In other situations, namely in the context of stochastic programming, scenario generation may be important either to instantiate large deterministic equivalent models or to restrict the set of scenarios in a sampling scheme used within a solution procedure. The reader should refer to Dupačová et al. (2003), Høyland and Wallace (2001), Di Domenica et al. (2007) and the references therein for further details.

In the case of facility location problems, a short discussion on scenario generation is presented by Kouvelis and Yu (1997) who consider a network with uncertain node weights. Assuming a small set of possible values for the demand of each node, one possibility is to take as a scenario each element of the Cartesian product of the sets for all nodes. Nevertheless, this is strongly discouraged since the number of scenarios easily leads to intractable models. Instead, the authors highlight that in many location problems the driving forces mentioned above are the key element inducing uncertainty and thus should be identified and taken into account. Typically, these forces induce a high correlation between different parameters. If a small number of such factors is identified, the number of scenarios associated with them should be manageable.

6.4 Other Notes

One important research topic in facility location under uncertainty regards location-inventory problems.

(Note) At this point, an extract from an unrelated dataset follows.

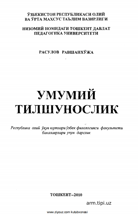 Umumiy tilshunoslik Nomlanishi Yozilgan yili: 2010 - yil . Bo'limi: Oʻzbek tili va adabiyoti (Bakalavr) uchun oʻquv ad Elektron resurs QR code surati: Resurs haqida Ko'chirib olish umumiy-tilshunoslik-ravshanxoja-rasulov.pdf Hajmi: 9.49 Mb Ko'chirib olganlar: 11 Fayl nomi: umumiy-tilshunoslik-ravshanxoja-rasulov.pdf Faylni online o'qish: umumiy-tilshunoslik-ravshanxoja-rasulov.pdf O'xshash resurslar Tilshunoslik nazariyasiga kirish Umumiy psixodiagnostika. Jalilova S.X, G'ayibova N.A ivanov, zufarova. umumiy psixologiya Rasulov Al, Toyirova L. Umumiy psixodiagnostika darslik (3) Rasulov Al, Toyirova L. Umumiy psixodiagnostika darslik.

These are problems in which location decisions are combined with inventory management: uncertainty can hardly be disregarded in a realistic modeling framework. This type of problems, which was introduced by Daskin et al. (2002) and extended by Snyder et al. (2007), is of great relevance in complex systems such as those arising in logistics. The reader should refer to Chap. 16 for further details.

Another area with great potential is stochastic location-routing. One such problem was solved by Albareda-Sambola et al. (2007). This is a complex and challenging topic.

Finally, this chapter could not come to an end without a brief reference to continuous and network facility location problems under uncertainty. We did not focus on this type of problems although some significant work has been done and much progress has been achieved. The reader can refer to Snyder (2006) for a review of the fundamental literature addressing these problems. Some recent works on network facility location under uncertainty include those by Conde (2007), Berman and Drezner (2008), Berman and Wang (2010), Sonmez and Lim (2012), Lim and Sonmez (2013), López-de-los-Mozos et al. (2013), Lu (2013), and Lu and Sheu (2013). Recent references on continuous problems include Blanquero et al. (2011) and Drezner et al. (2012).

7 Conclusions

We have covered several essential aspects related with discrete facility location under uncertainty. Despite the extensive work reported, the existing literature can still be considered scarce in comparison with the literature devoted to deterministic models. However the relevance of facility location in areas where uncertainty if often unavoidable, such as logistics, routing and transportation, has led to an increased interest in the topic addressed in this chapter. In order to better support many decision making processes, it is important to embed uncertainty in the optimization models and, by doing so, to obtain solutions which can anticipate it. This keeps being a challenging and promising research field.